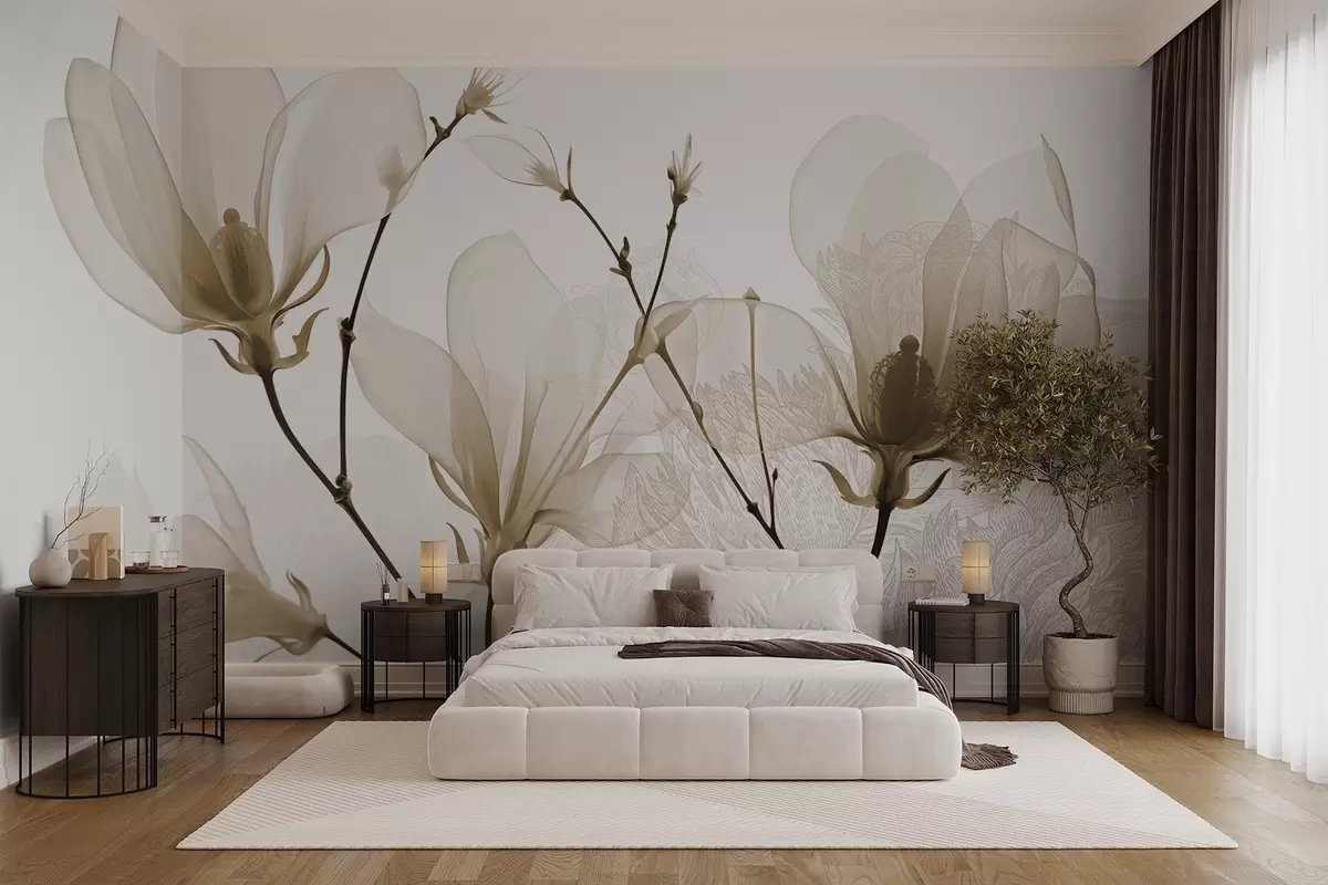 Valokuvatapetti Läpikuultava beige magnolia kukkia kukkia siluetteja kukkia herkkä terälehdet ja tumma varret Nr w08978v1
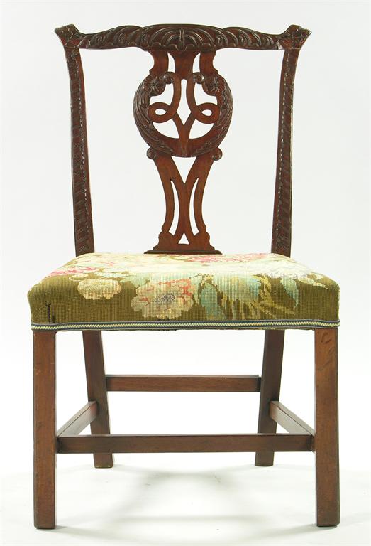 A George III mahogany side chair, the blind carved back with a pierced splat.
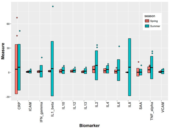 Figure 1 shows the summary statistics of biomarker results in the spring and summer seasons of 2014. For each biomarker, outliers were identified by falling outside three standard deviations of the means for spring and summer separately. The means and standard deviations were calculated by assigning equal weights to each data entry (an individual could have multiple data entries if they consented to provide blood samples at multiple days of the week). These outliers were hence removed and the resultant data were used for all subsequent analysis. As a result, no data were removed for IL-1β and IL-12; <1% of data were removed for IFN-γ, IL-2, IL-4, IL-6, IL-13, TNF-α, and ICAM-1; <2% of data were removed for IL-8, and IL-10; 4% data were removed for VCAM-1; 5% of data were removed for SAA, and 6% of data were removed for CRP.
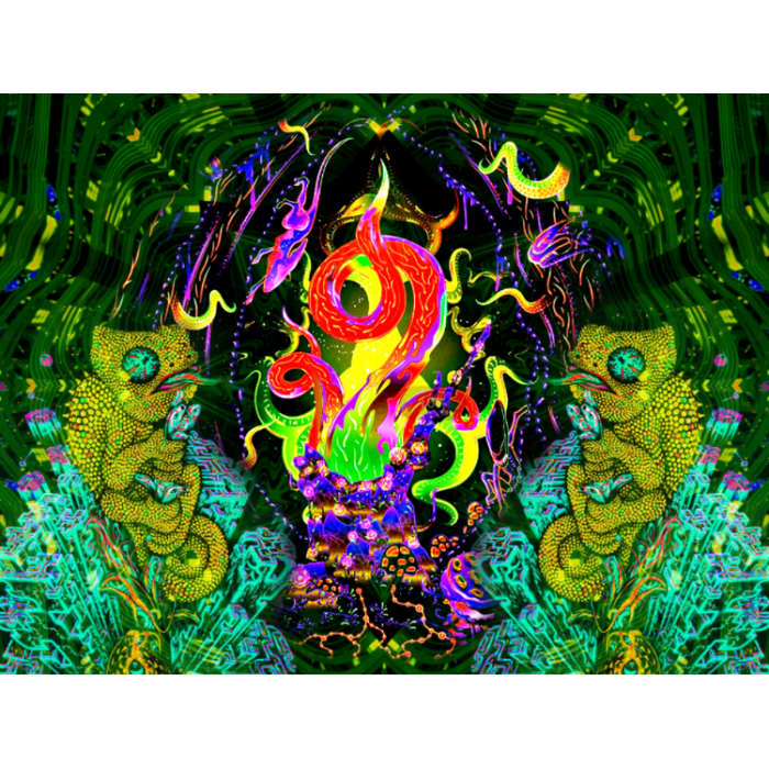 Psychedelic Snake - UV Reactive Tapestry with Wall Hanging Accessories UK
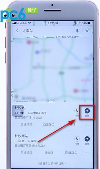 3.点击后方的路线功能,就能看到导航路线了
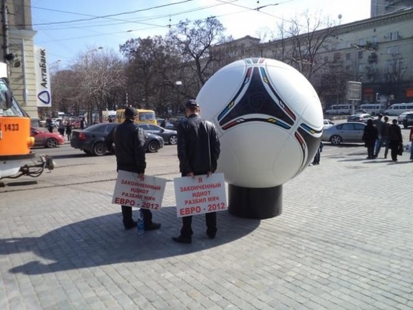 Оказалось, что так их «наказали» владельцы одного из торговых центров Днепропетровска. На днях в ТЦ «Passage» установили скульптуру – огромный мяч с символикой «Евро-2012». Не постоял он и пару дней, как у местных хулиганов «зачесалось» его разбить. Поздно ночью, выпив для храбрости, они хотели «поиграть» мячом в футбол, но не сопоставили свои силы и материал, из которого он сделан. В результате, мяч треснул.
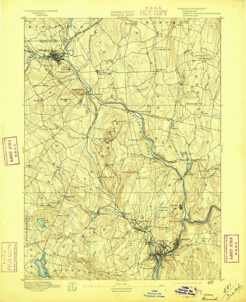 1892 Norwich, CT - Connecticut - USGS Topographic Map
──────────────────────────────
- What this task involves:
Reproduce exactly, and only, the lines from the one containing "3.点击后方的路线功能,就能看到导航路线了" through the last line of the records above, both included, leaving out any pictures.

- Result of this task:
 3.点击后方的路线功能,就能看到导航路线了
 Оказалось, что так их «наказали» владельцы одного из торговых центров Днепропетровска. На днях в ТЦ «Passage» установили скульптуру – огромный мяч с символикой «Евро-2012». Не постоял он и пару дней, как у местных хулиганов «зачесалось» его разбить. Поздно ночью, выпив для храбрости, они хотели «поиграть» мячом в футбол, но не сопоставили свои силы и материал, из которого он сделан. В результате, мяч треснул.
 1892 Norwich, CT - Connecticut - USGS Topographic Map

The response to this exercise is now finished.